Former U.S. Senator Alan Simpson described them as “the
greediest generation.” He was referring to elderly voters keenly
opposed to reforms needed to keep Social Security solvent. In
typical flamboyant style, the Wyoming Republican also compared the
entitlement program to a milk cow “with 310 million tits.” Now
there is a word picture.
With an estimated 10,000 new baby boomers qualifying for Social
Security each day, the milk will soon run out. In the coming years,
my generation, the Millennials (born from the 1980s through the
mid-1990s), will bankroll a retirement scheme for our elders that
we ourselves will never participate in, at least not in the same
way. A steadily declining birthrate fed by abortion on demand, a
swiftly graying population, an extended average life span, and
unsustainable national spending have created a perfect storm for
Social Security and set the stage for a titanic generational
war.
The armies are equally strong in population. Millennials—also
known as Generation Y or echo boomers—are roughly equivalent in
number to boomers (born in the post-war years of 1946 to 1964).
boomers have paid into Social Security throughout their working
careers and feel entitled to the promised benefits. But we
Millennials also feel entitled to keep the fruits of our labor and
are hesitant to pay into a system that likely won’t be around when
it’s our turn to retire.
Although equal in number, the two generations are far from equal
in political power. Millennials are just now entering the political
and financial world, while boomers command the top echelons of
society. Millennials might determine what’s trendy in music and
fashion, but boomers pull the strings of power. (Their clout is
shared with some members of Generation X, born from the mid-1960s
through the 1970s, and the Silent Generation, born during the
Roaring Twenties through the Great Depression and World War
II.)
As a result, the will to implement meaningful reform of Social
Security has been absent. Those who have retired, or are nearing
retirement, don’t want to see their benefits affected. The end
result of inaction is clear: The Social Security Trust Fund will go
bankrupt by 2037. Accordingly, Millennials will pay into a system
for decades but see no benefits (at worst) or reduced benefits (at
best).
The generational fleecing isn’t confined to Millennials.

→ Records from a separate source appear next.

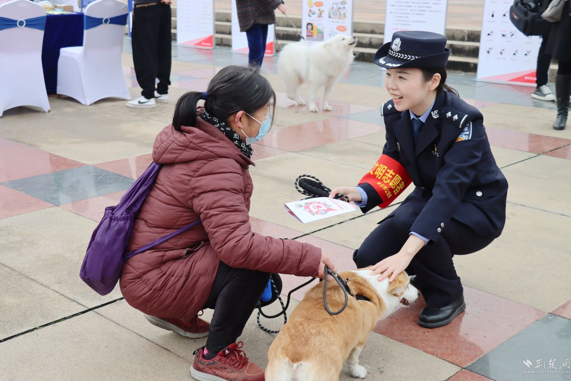 為市民發(fā)放文明規(guī)范養(yǎng)犬宣傳冊(cè)。劉璐 攝
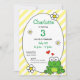 Célébrez le jour spécial de votre enfant avec cette adorable invitation pour une fête d'anniversaire avec une grenouille, des fleurs et des rayures. Découvrez-en davantage de la collection Snookums & Bug Frog Party.
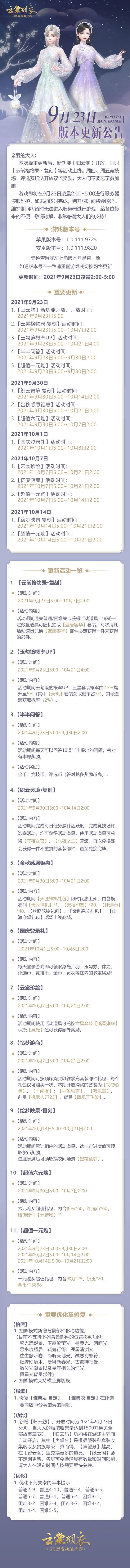 划重点: 新增了拍照横屏和背景移动功能!!!不过有部分背景还不能移动,具体看公告。 9.23:新功能“归云舫”上线,云裳格物录“盛唐容华”复刻,玉勾镜“天玑”套up 9.30:织云灵境“永夜之主”、“守夜女官”复刻,换衣间礼包“天匠神机”上架,换衣间礼包“丝路驼铃”、“紫荆寒关”、“山海守望”复刻,六元购腰饰云鳞尾 10.1:国庆登录礼 10.7:新六星套装“镇国雍华”上线!!!“忆梦游商”累充复
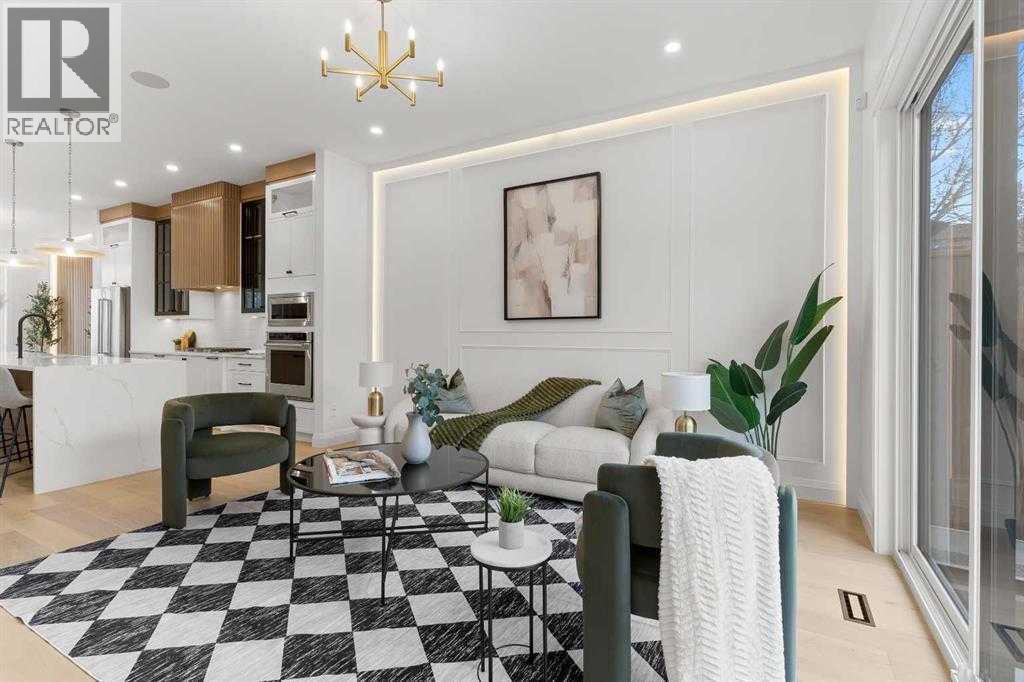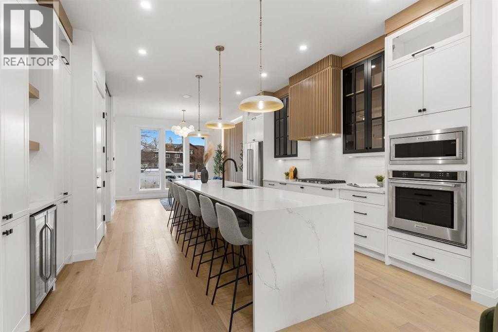 Welcome to this brand new luxury semi-detached home with a 2-bedroom legal suite in the sought-after community of Banff Trail. Perfectly located just steps from the Banff Trail LRT station, this home offers quick and easy access to downtown Calgary, shopping, dining, and recreation. The University of Calgary is only minutes away, making it an excellent choice for families, professionals, students, or investors seeking premium quality and unbeatable convenience.Step inside to discover an elegant main floor featuring 10-foot ceilings and hardwood flooring that extends throughout both the main and upper levels. The open-concept layout is designed for modern living, with a chef-inspired kitchen showcasing a large central island, quartz countertops, ceiling-height cabinetry, and a KitchenAid appliance package. The walk-in pantry with custom MDF shelving provides ample storage, while the spacious dining and living areas create the perfect setting for entertaining. A modern fireplace anchors the living room, and behind it you’ll find a mudroom and a two-piece bathroom for added convenience. A glass-walled office on the main floor offers a stylish and functional workspace for today’s professionals.Upstairs, you’ll find three generous bedrooms, each designed with comfort and style in mind. The primary suite boasts a custom walk-in closet and a luxurious 5-piece ensuite complete with in-floor heating. Attention to detail is evident throughout with 8-foot doors, solid maple handrails, black metal spindles, and custom MDF built-ins in every closet and shelving unit.The fully finished basement offers a separate entrance to a beautifully designed 2-bedroom legal suite, perfect for extended family or as a mortgage helper. This suite features durable LVP flooring, a full kitchen, and in-suite laundry, providing complete independence and functionality for tenants or guests.Outside, the home impresses with black exterior windows, a James Hardie board and brick exterior, and full professional landscaping including fencing, gravel, a tree, grass, and a rear deck with railings—ideal for summer gatherings. The double detached garage with oversized doors provides secure parking and extra storage. Additional upgrades include rough-ins for a security camera system, alarm, and central vacuum, ensuring both convenience and peace of mind.Combining modern architecture, exceptional craftsmanship, and a prime inner-city location, this Banff Trail residence offers the perfect balance of luxury, practicality, and investment potential. Don’t miss your chance to own this stunning property. (id:6769)
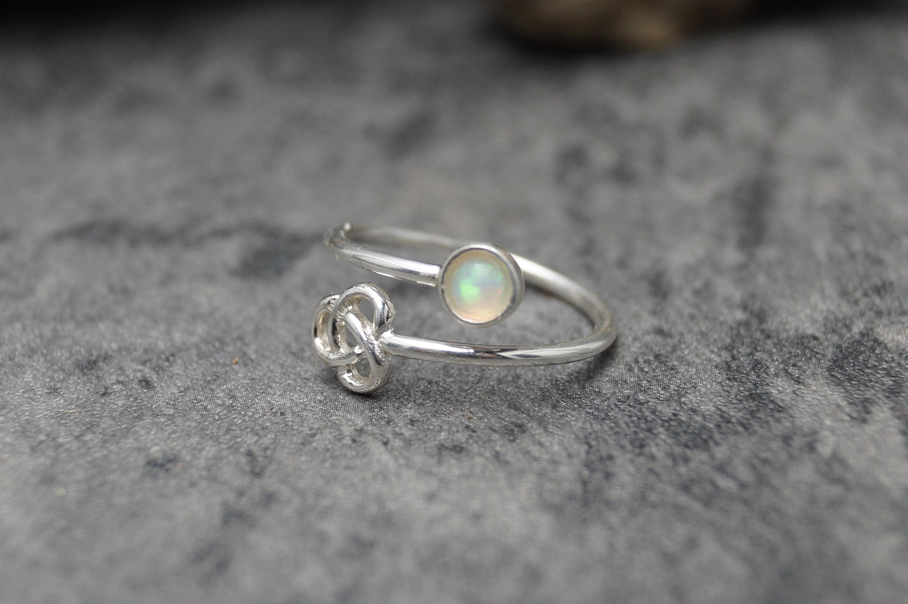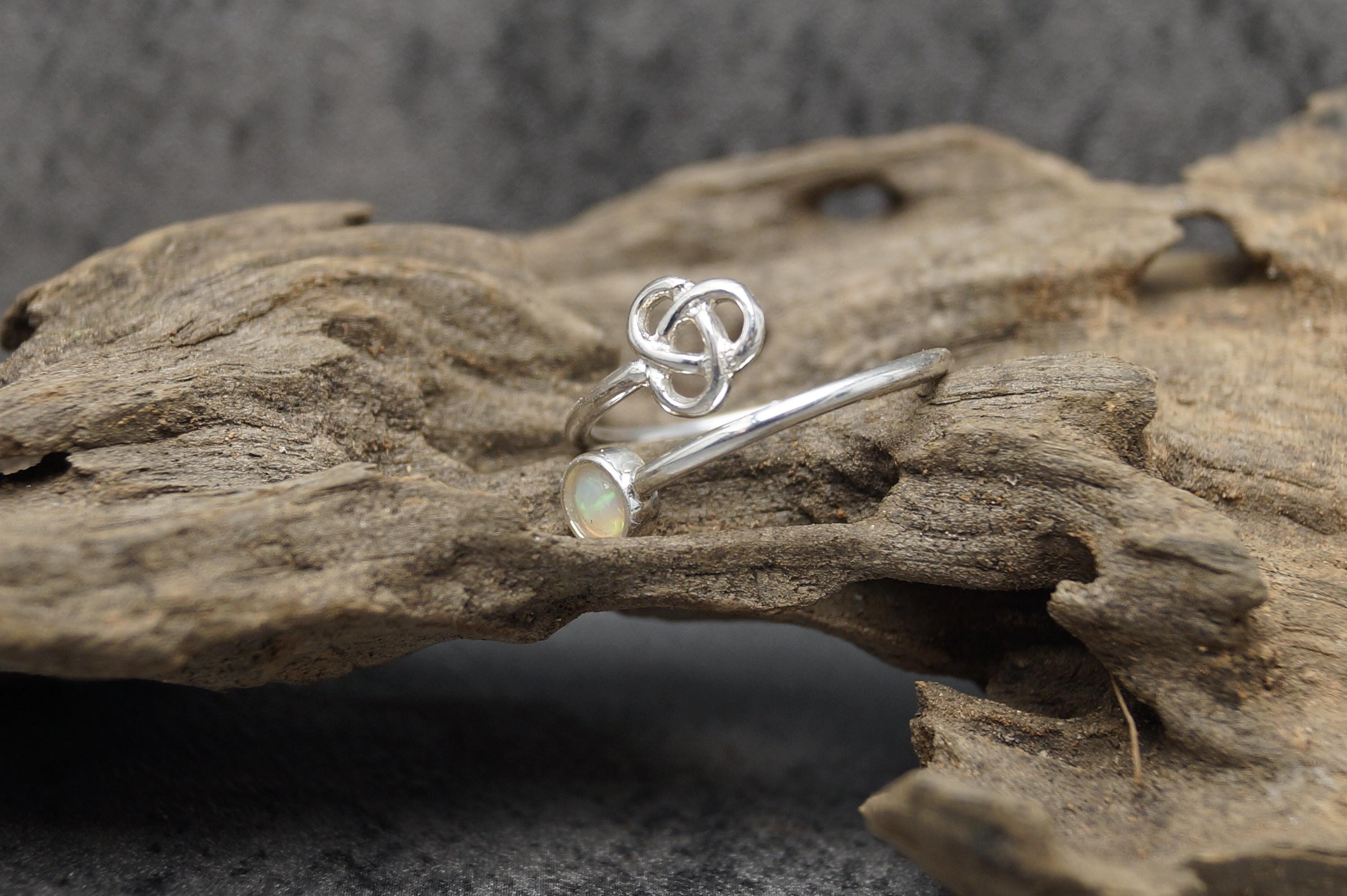 This is a genuine Hallmarked 925 Sterling Silver Celtic Adjustable Ring incorporating a Genuine Ethiopian Welo opal in a 4mm round setting.
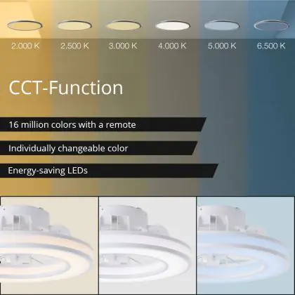 | Nom du fabricant | Ceiling Lamp White + Fan (Dm 415mm) LED 26W (3100lm, 2700K-6500K, CCT, Dimmable, ICRGB, RC, Timer, | |
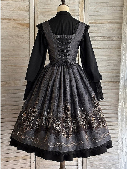 Gray Candelabras Wings Dress Bat Lolita JSK Print Drawstring Gothic

Generation X, composed of those currently in their 30s and 40s,
will see drastically diminished benefits as well. Thomas Firey,
managing editor of the Cato Institute’s publication
Regulation, made the point in an article published more
than a decade ago. While young people now have 12.4 percent of our
earnings commandeered by Social Security, boomers who entered the
workforce in the late 1960s paid only 6.5 percent of their earnings
to the entitlement. Even later, when the payroll tax was raised,
Firey estimated that boomers paid around 10 percent during the
latter half of their working careers.
“That’s the boomers’ bargain: They’ve paid less of their
earnings into Social Security than we Gen-X/Yers, yet they’ll
receive more in benefits than we will and we’ll pick up the tab,”
Firey wrote. “And when we retire, there will be no money saved in
Social Security to pay for our retirement, unless we pull the same
scam on our children that the boomers are pulling on us.”

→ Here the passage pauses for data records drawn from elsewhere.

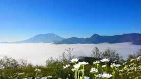 À proximité de l’un d’eux, le sol est recouvert de fleurs de trèfle qui embaument l’air.
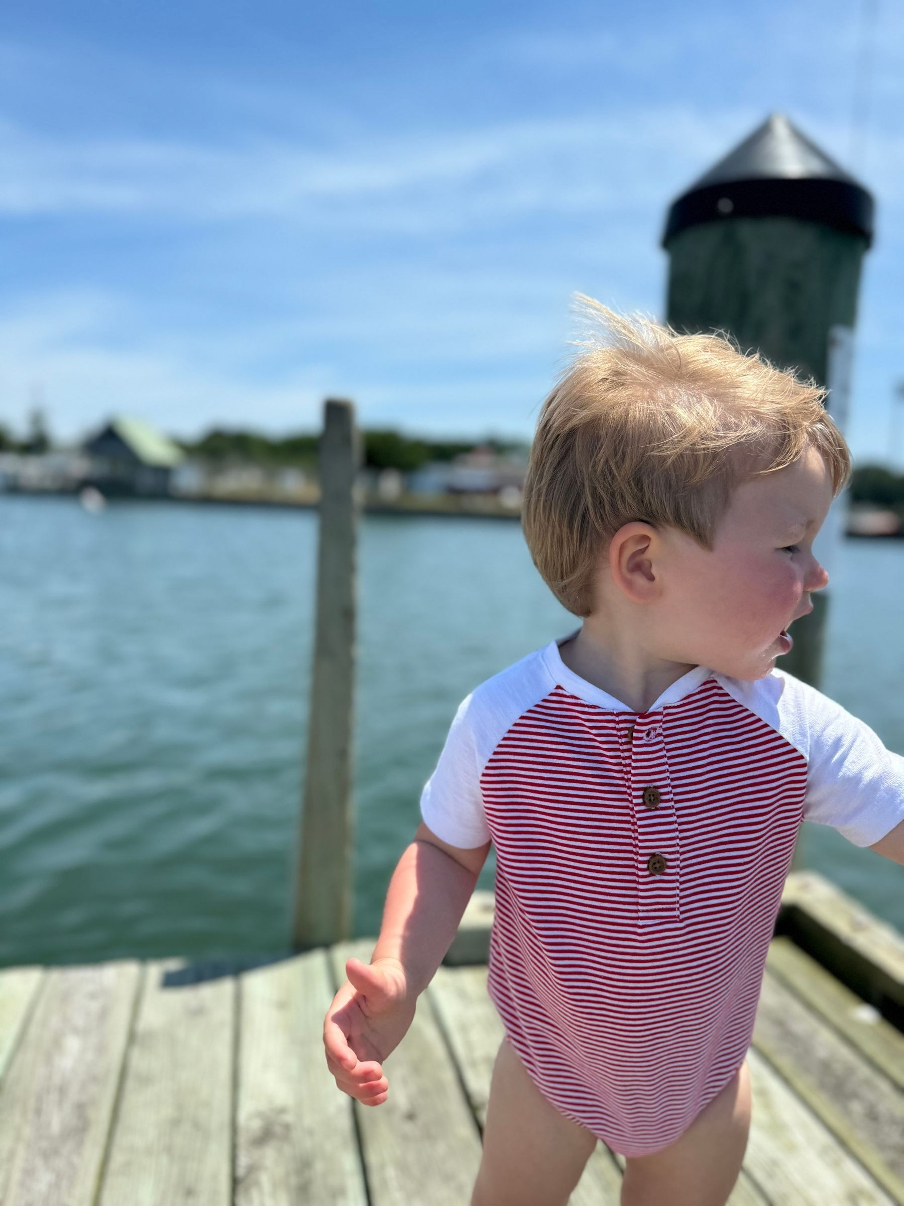 Dress your baby in this timeless red & white striped onesie. With fresh nautical stripes, it's both comfy and charming.
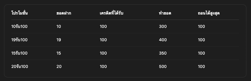 จากตารางข้างต้นจะเห็นได้ว่า 10รับ100 เป็นโปรที่ใช้เงินน้อยที่สุด เหมาะมากสำหรับผู้เล่นที่อยากทดลองระบบของเว็บก่อนลงทุนจริง
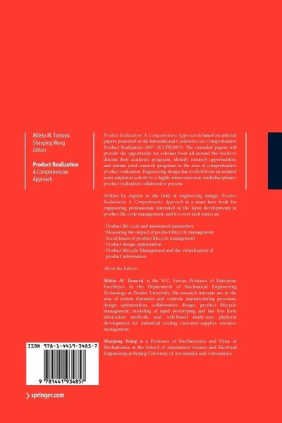 Product Realization: A Comprehensive Approach is based on selected papers presented at the International Conference on Comprehensive Product Realization 2007 (ICCPR2007). The extended papers will provide the opportunity for scholars from all around the world to discuss their academic programs, identify research opportunities, and initiate joint research programs in the area of comprehensive product realization. Engineering design has evolved from an isolated semi-empirical activity to a highly interconnected, multidisciplinary product realization collaborative process.

Given that reality, it’s a political wonder that Texas Governor
Rick Perry was roundly criticized for calling Social Security a
Ponzi scheme. Particularly for young people, that’s precisely what
it is.
The result for my generation is an even worse financial picture
than many have predicted. Millennials’ mentality of instant
gratification, combined with a poor job market, means that we
aren’t saving for retirement. Yet we won’t have two key retirement
benefits—Social Security and pensions—that are available to older
generations. In addition, the dearth of jobs means we are losing
key earning and saving years that could go a long way toward
alleviating the retirement debacle.
The news isn’t all gloom and despair. Millennials don’t have
their collective heads in the sand on Social Security’s insolvency.

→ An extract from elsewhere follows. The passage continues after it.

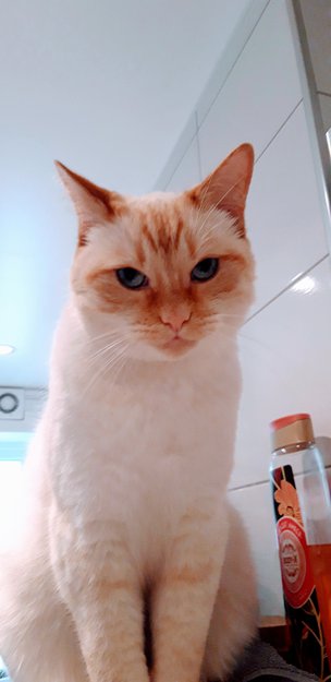 Knallblåe øyne, hvit,med rødstripet hale og fjes/ører.
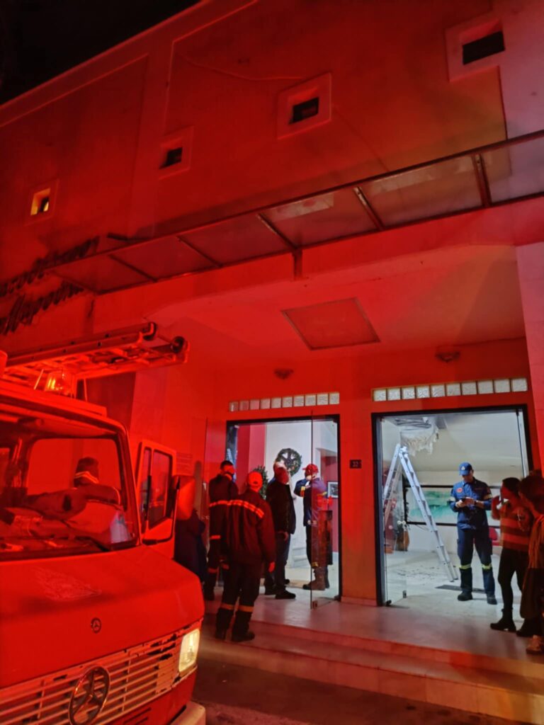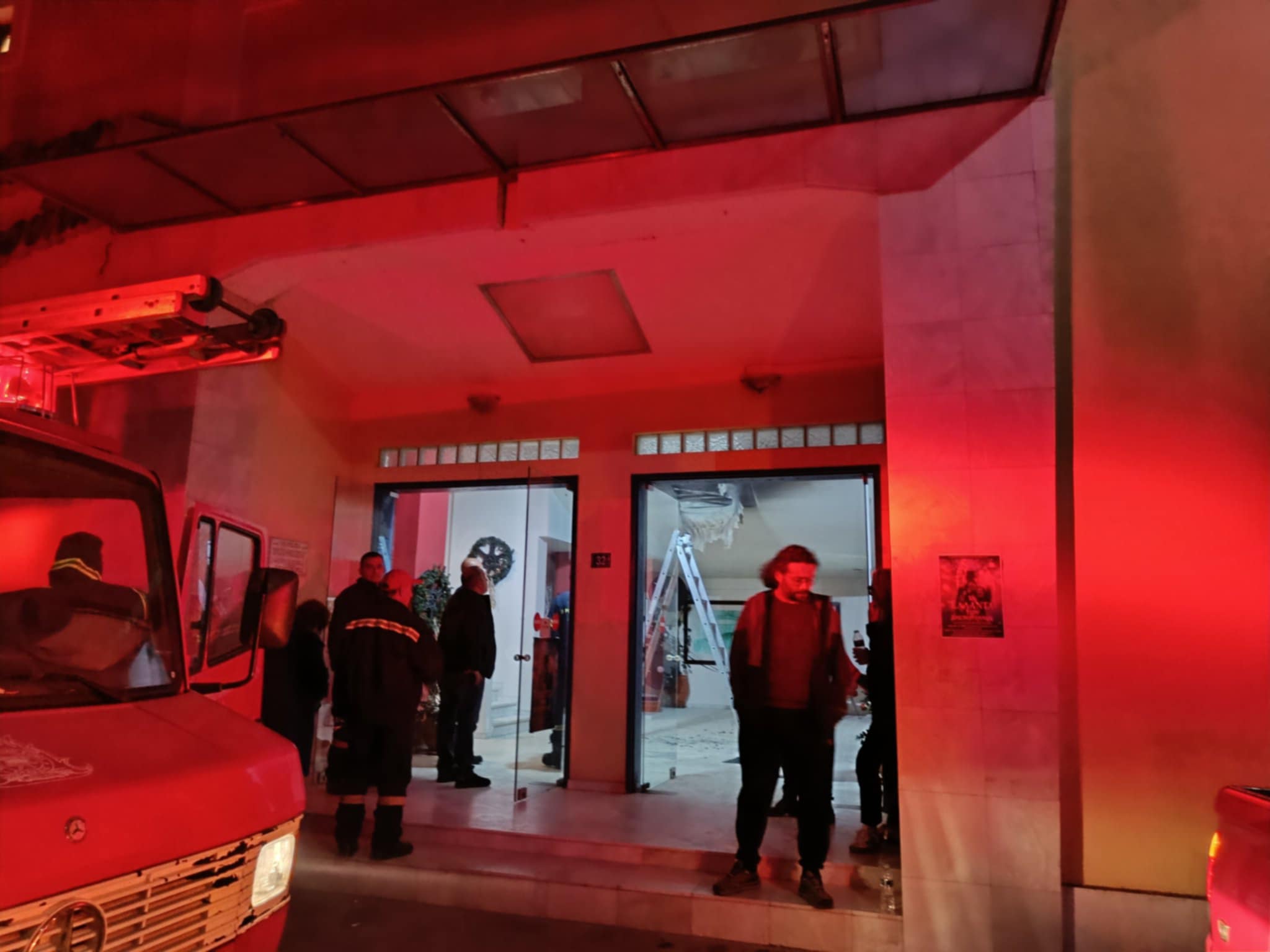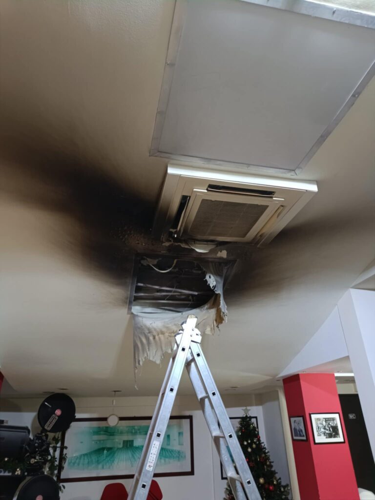 Η ζημιά είναι σε φωτιστικό στο φουαγιέ του χώρου, δίπλα στο κλιματιστικό, πιθανώς από κάποιο βραχυκύκλωμα που έγινε σε λαμπτήρα.

A recent Pew Research Center report found that 72 percent of
Millennials don’t expect Social Security to be their main source of
retirement income, and 42 percent don’t think they will get income
from the entitlement at all. That’s why Generation Y is far more
willing to support an overhaul. The same Pew survey found that an
overwhelming number of Millennials, 86 percent, support reforms
that would allow them to invest their Social Security contributions
in a private retirement account.
A clear indicator of their mistrust in government is that young
people would rather invest their money in the up-and-down stock
market than rely on the government to keep the funds safe and
untouched until their golden years. Millennials support choice in
Social Security, even as many boomers and members of the Silent
Generation consistently resist it. As Generation Y gains more
political clout in the coming decades, desire for more substantial
reform will accompany it.
But there is plenty of bad news. Although Generation Y might
acknowledge Social Security’s insolvency, we aren’t doing anything
about it from a personal responsibility standpoint. Our spending,
saving, and general financial habits are abysmal. For those in my
generation fortunate enough to be employed, and fortunate enough to
have an employer who offers retirement savings benefits, nearly
three-fourths do not take full advantage of the matching programs,
according to an Aon Hewitt study from 2010. Worse, Hewitt found
that 60 percent of workers in their 20s cashed out their 401(k)
accounts, and suffered the resulting penalties, when they changed
or lost jobs.
On the spending side of the equation, 42 percent of people under
the age of 34 have $5,000 or more in non-mortgage personal debt,
according to a study published by Demos, a left-of-center think
tank based in New York City. Two-thirds of college students
graduate with debt, which averages $24,000. Another characteristic
of Generation Y—that we delay marriage—also has financial
consequences. Married individuals are healthier, happier, and more
financially prosperous and stable than their cohabiting or
unmarried counterparts.
The perpetually sluggish job market is doing irreparable harm to
Millennials’ retirement prospects, too. The fundamental rule of
compound interest is simple: Save early, safe often. A Millennial
who begins planning in his early 20s must save less over time, and
will end up with more in the bank at retirement, than a Millennial
who waits until his late 30s. In 2011, an analysis by the online
investment firm Scottrade found that 55 percent of Millennials have
not started to save for retirement; only 21 percent are actively
saving for their golden years.
A contributing factor is that Millennials have one of the worst
unemployment rates of any age demographic in the United States.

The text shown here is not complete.